--- Source data ---
• • • •
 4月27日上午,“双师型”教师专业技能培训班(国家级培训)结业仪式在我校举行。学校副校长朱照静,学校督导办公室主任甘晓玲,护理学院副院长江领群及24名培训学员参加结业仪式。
• • • •
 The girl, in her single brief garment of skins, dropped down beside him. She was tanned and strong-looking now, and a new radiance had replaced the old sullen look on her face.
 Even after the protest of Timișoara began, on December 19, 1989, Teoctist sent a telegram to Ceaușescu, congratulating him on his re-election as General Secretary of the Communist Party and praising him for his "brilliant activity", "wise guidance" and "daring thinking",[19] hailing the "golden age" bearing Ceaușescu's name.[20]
• • • •
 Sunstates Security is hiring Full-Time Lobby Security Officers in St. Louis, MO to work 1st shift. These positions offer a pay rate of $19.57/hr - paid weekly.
• • • •
--- Task prompt ---
For the material above, reproduce exactly the lines from the line with "The girl, in" to the line with "Even after the", inclusive, and exclude all others.

--- Completed exercise ---
 The girl, in her single brief garment of skins, dropped down beside him. She was tanned and strong-looking now, and a new radiance had replaced the old sullen look on her face.
 Even after the protest of Timișoara began, on December 19, 1989, Teoctist sent a telegram to Ceaușescu, congratulating him on his re-election as General Secretary of the Communist Party and praising him for his "brilliant activity", "wise guidance" and "daring thinking",[19] hailing the "golden age" bearing Ceaușescu's name.[20]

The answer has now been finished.